Added a comment: Track GUIDs to avoid duplicate downloads

2017-03-21 08:59:59 +00:00 · 2017-03-21 08:59:59 +00:00 · 856e7a5f50
commit 856e7a5f50
parent 12831ed724
1 changed files with 17 additions and 0 deletions
--- a/doc/tips/downloading_podcasts/comment_25_2ee88c3375eca23fe34cab65df1e7aeb._comment
+++ b/doc/tips/downloading_podcasts/comment_25_2ee88c3375eca23fe34cab65df1e7aeb._comment
@ -0,0 +1,17 @@
+[[!comment format=mdwn
+ username="ewen"
+ avatar="http://cdn.libravatar.org/avatar/605b2981cb52b4af268455dee7a4f64e"
+ subject="Track GUIDs to avoid duplicate downloads"
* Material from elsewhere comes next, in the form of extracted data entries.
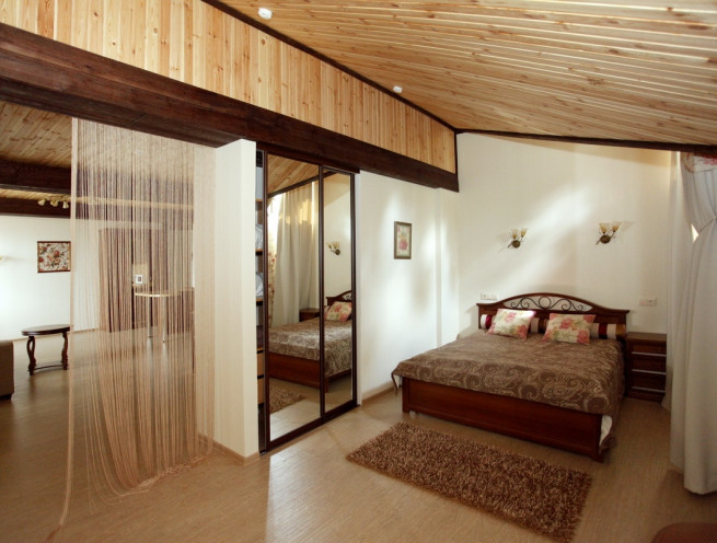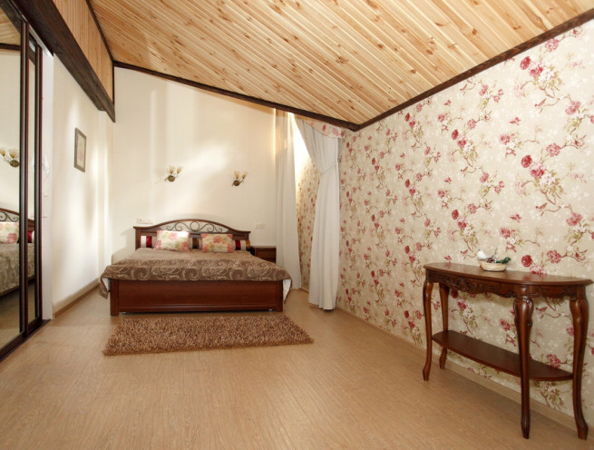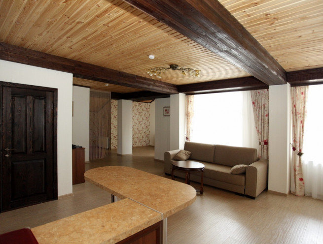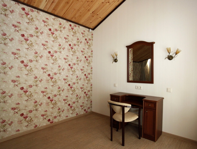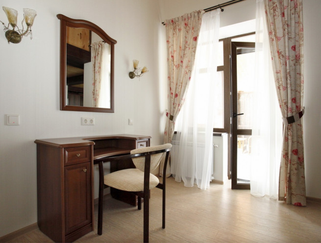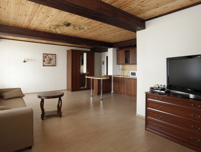 Оформлен в светлых, цветочных тонах. Окна выходят на юг. 2-х местная не раздвижная кровать, раздвижной диван, одно раздвижное кресло, комод, сейф, туалетный столик, фен. Мини-кухня: гарнитур, холодильник, СВЧ - печь, чайник. Спутниковое телевидение, DVD. Электронный замок. Санузел совмещенный. В стоимость включены принадлежности для душа, зубные наборы, тапочки, халаты.
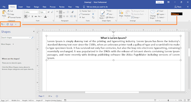 Note: We can place the Quick Access Toolbar above the Ribbon as below as the below the Ribbon in Microsoft Visio.
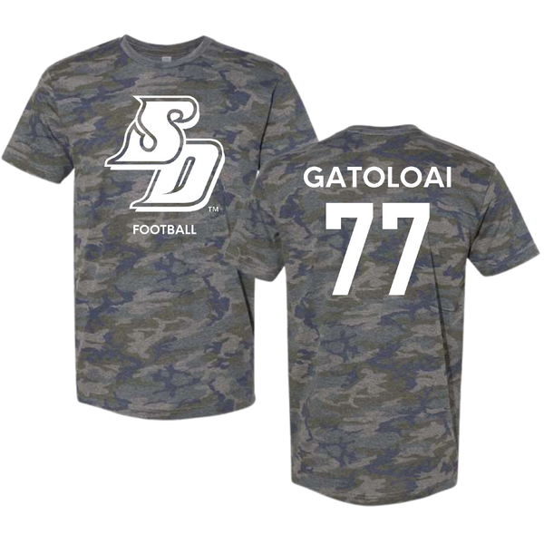 University of San Diego Football Vintage Camo Tee - #77 Falesalafai Gatoloai
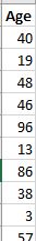 Excel scanned through all 200 ages to determine only two numbers repeated – 19 and 48.
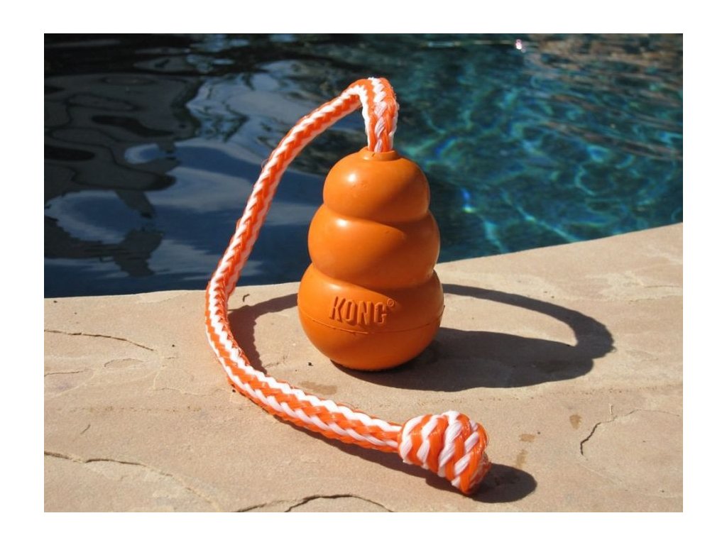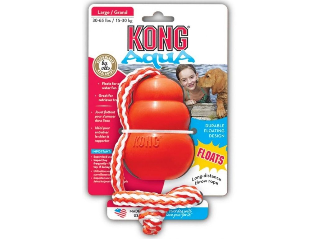 Kong Aqua s praktickým poutkem, plovoucí hračka k aportování z přírodního kaučuku, ve výrazné oranžové barvě. Díky přírodnímu kaučuku, ze kterého je vyrobena, velmi odolná proti rozkousání. Kong Aqua skáče díky svému tvaru naprosto nepředvídatelně. Hračka plave na vodě a je upevněná na provaze, což ji umožňuje velmi daleko hodit. Je to perfektní hračka pro nácvik aportování nebo pro vyřádění se v jakémkoli terénu. Svítivě oranžová barva umožňuje tuto hračku najít i v křoví či v lese.
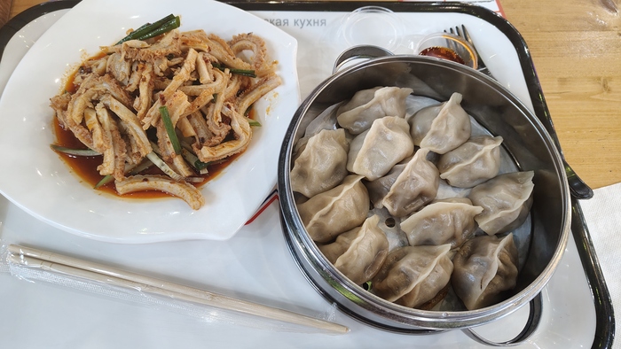 Пельмени с телятиной и салат из говяжьего рубца с битыми огурцами. Точка - Шасяньская кухня в ТЦ Дружба. В целом, все китайские уголки в этом месте демократичны и отличаются очень умеренными ценами. Может быть остро, залито перечным маслом и слишком много.
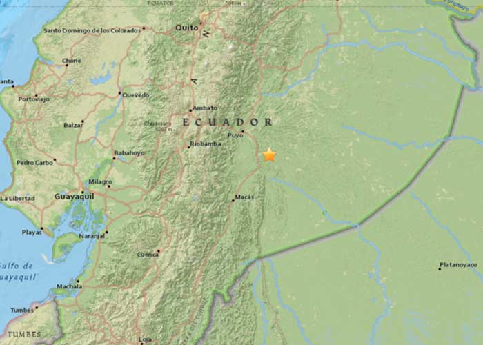 El Servicio Geológico de EE.UU. (USGS, por sus siglas en inglés), por su parte, estima la magnitud del sismo en 5,2 y su profundidad en 18,7 kilómetros. Señala que su epicentro se ubica a 30,7 kilómetros de Cantón Palora.
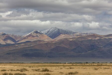 Soft focus. Withered grass field, snow covered mountains, cloudy sky. Mongolian landscapes and landmarks. Yellow steppe and dark mountains at sunset. Blue sky with clouds.
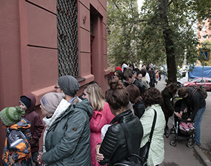 Цепочка поклонников, несмотря на холод, действительно растянулась по улице метров на сто.
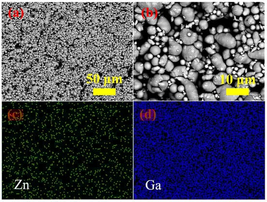 (a) SEM morphology of the Ga2O3/ZnO, (b) SEM morphology of the Ga2O3/ZnO at greater magnification, (c) the elemental mapping of Zn, and (d) the elemental mapping of Ga.
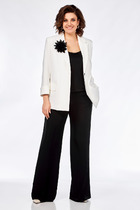 Элегантный брючный костюм в комплекте с шифоновой блузкой.Жакет полуприлегающего силуэта с воротником и лацканами классической формы, застежкой на 1 пуговицу. Особое внимание заслуживает экстравагантная спинка с имитацией запаха и серебристыми металлическими акцентами в виде  цепочек, соединяющих две половинки отлетной спинки.Брюки прямого покроя расширены от линии бедра. Комфортная посадка брюк и подчеркивающий фигуру крой сделает их любимым предметом вашего гардероба.Костюм выполнен из материала модных цветов, не требующего особого ухода, пластичен и удобен в носке.Блузка-туника нежного молочного пастельного оттенка с шифоновыми рукавами. Блуза очаровывает своим красивым непринужденным полуприлегающим силуэтом, фигурной линией низа, и конечно же спинкой.Фантазийная спинка с шифоновыми вставками и воланами, красиво драпирующимися и являющимися одним из популярных трендов, шикарно смотрится как самостоятельно, так и в сочетании с эффектным разрезом на жакете.
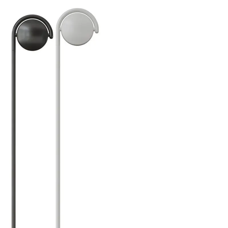 Inspired by the bent tubing around local street signs, design duo kaschkasch have created a family of table and floor lamps sharing the same arched silhouette. The light source comes from a tilting circular disc, which can be adjusted to create both an indirect ambient and direct task light beam. The lamp body is crafted from powder coated die cast aluminium and steel, and the light source is an injection moulded polycarbonate opalescent lens that conceals a flat panel of light. Both lamp designs are available in different colours and are suitable for a variety of private and corporate settings.
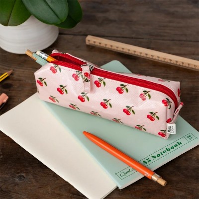 Trousse pour enfants rose, ornée de grappes de cerises rouges éclatantes.
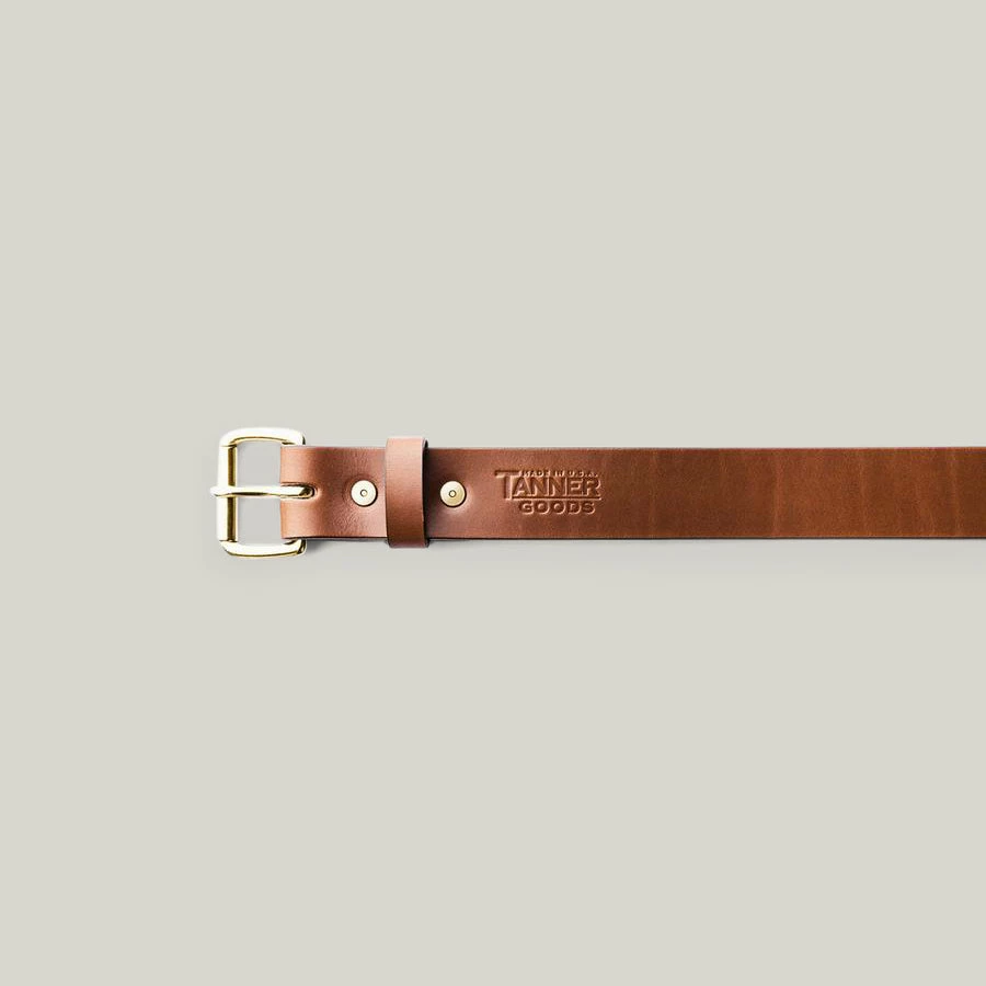 Constructed from 10-11 oz. vegetable-tanned Meridian English Bridle and features a matching leather keeper and metal hardware. The edges are dyed, burnished, and waxed by hand, and each belt is stamped with the signature TG makers mark. Standard belt dimensions: 1.5″ wide

+ date="2017-03-21T08:59:59Z"
+ content="""
+While tracking podcast media URLs usually works to avoid duplicate downloads, when it fails it usually fails spectacularly. In particular if a podcast feed decides to update all the URLs (for old and new podcasts) to use a different URL scheme, then suddenly that looks like a huge volume of new URLs, and all of them get downloaded again -- even if the content has actually already been retrieved from a different URL (ie, older URL scheme). For instance the `acast.com` service has changed their URL scheme a couple of times in the last 1-2 years, rewriting all the historical URLs, so I have three copies of many of the episodes on podcasts on their service :-( (Many downloaded; some skipped once I caught the bulk download and stopped it/reran with `--fast` or `--relaxed` to make placeholders instead. `acast.com` seem to have managed to cause even more confusion by rewriting many of the older `mp3` files with new `id3` tags, thus changing the file size/hashes -- it definitely made cleaning up more complicated.)
+
+Some (all?) podcast feeds also have a `guid` field, which specifies what should be a unique per-episode and unchanging, that other podcatchers use to track \"seen this\" content.  In theory that `guid` value should be stable even across media URL changes -- at least if it isn't, then a podcaster changing the `guid` *and* media URL will almost certainly induce re-downloads in most podcatchers, and thus hopefully realise early on (eg, during testing) rather than in production.
+
+Can `git-annex` be extended to track the `guid` values as well as the filenames, so `git annex importfeed` can avoid downloading episodes where it has already processed that `guid`, and instead just add the newly listed url as an alternate web URL for that specific episode (which has been my manual work around).  Perhaps the episode `guid` could be stored as additional metadata, along with some sort of feed unique ID (link?), and then an index built/consulted when `importfeed` runs (although that \"feed unique ID\" would probably also have to be updatable by the user, to cope with \"the feed URL has now changed from `http://` to `https://` which also seems to be happening a bunch at present.)
+
+Ewen
+
+PS: Apologies for duplicate partial comment; I think my browser decided some key combination meant \"do default form action\", which is post -- and I wasn't finished writing.  I couldn't see a way to edit the comment, hence deleting/readding.
+
+"""]]